Purification of Lenti-shRNA/EGFL7
The recombinant packaging lentivirus after 293T cell transfection by plasmid was named Lenti-shRNA/EGFL7. The cell culture supernatant following transfection was collected, centrifuged at 4000 rpm 4°C for 4 min, and filtered using 0.45 µm filter. Per 100 ml filtered supernatant, 50 ml solution containing 2.5 M NaCl and 20% PEG8000 was added and incubated on ice for 1 h to precipitate virus. After centrifugation at 12000 rpm, 4°C for 20 min, the supernatant was discarded. The pellets were resuspended in 10 ml CsCl solution with a concentration of 1.10 g/ml (in solvant 20 mM Tris-HCl, pH 8.0). 5 ml virus suspension, 3 ml 1.30 g/ml CsCL solution and 2 ml 1.40 g/ml CsCL solution were added into a ultracentrifuge tube from top to bottom, and centrifuged at 20000 rpm in room temperature for 2 h. The virus belt between 1.30-1.40 g/ml was collected in a dialysis bag, dialyzed in buffer containing 10 mM Tris-HCl and 2 mM MgCl2 (pH 8.0) overnight at 4°C, collected and stored in aliquots in -80°C freezer.

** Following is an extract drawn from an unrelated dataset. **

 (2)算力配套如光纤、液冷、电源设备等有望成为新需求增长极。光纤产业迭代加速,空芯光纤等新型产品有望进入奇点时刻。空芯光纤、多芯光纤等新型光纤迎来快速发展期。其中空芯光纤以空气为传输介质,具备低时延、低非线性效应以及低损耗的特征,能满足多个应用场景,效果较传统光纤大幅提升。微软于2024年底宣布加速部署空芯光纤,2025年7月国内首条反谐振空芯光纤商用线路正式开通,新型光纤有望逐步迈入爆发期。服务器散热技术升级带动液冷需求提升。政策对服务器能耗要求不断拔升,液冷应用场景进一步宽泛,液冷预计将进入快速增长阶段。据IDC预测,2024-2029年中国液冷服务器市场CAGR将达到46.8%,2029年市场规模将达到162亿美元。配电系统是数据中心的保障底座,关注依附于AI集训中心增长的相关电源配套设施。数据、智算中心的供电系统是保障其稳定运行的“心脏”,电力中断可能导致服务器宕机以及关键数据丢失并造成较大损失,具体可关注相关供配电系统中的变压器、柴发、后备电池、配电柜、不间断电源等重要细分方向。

Titration of Lenti-shRNA/EGFL7
293T cells were seeded 1×105/well in a 96-well plate and cultured in an incubator for 24 h. The purified Lenti-shRNA/EGFL7 was diluted 10 times with full DMEM medium. 100 μl diluted virus was added in each well (10-2~10-6) and cultured in an incubator for 24-72 h together with blank control. Positive cells were counted using inverted fluorescence microscope and used in combination with dilution times (transducing units per ml, TU/ml) to calculate virus titer.

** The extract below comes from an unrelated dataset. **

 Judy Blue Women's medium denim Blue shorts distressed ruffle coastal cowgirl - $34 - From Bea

Cocultured NSCs-HUVECs transfected by Lenti-shRNA/EGFL7
The 0.4 μm transwell inserts were pretreated with NSCs medium to equilibrate the inserts and plate wells. HUVECs were seeded in 1×104/well in a 24-well plate. Upon adhesion, cells were placed in the inserts. 24 h after co-culturing, cells were transfected with shRNA, which were diluted using DMEM full media containing 8 μg/ml polybrene (Sigma), at a multiple of infection of 15 (MOI). After 72 h incubation, transfection rate was detected using an inverted fluorescence microscope.
Differences of EGFL7 expression in transfected HUVECs
After NSCs-HUVEC co-culture transfected by Lenti-shRNA/EGFL7, HUVECs were digested, collected by centrifugation and washed once with PBS. Cells were added with appropriate amount of RIPA buffer, vortexed to resuspend, placed on ice for 5 min and then centrifuged at 12000 g 4°C for 5 min. The supernatant was analyzed by SDS-PAGE and Western Blot. The density of target bands was analyzed by UVP gel image processing system Labworks4.6 software after film scanning.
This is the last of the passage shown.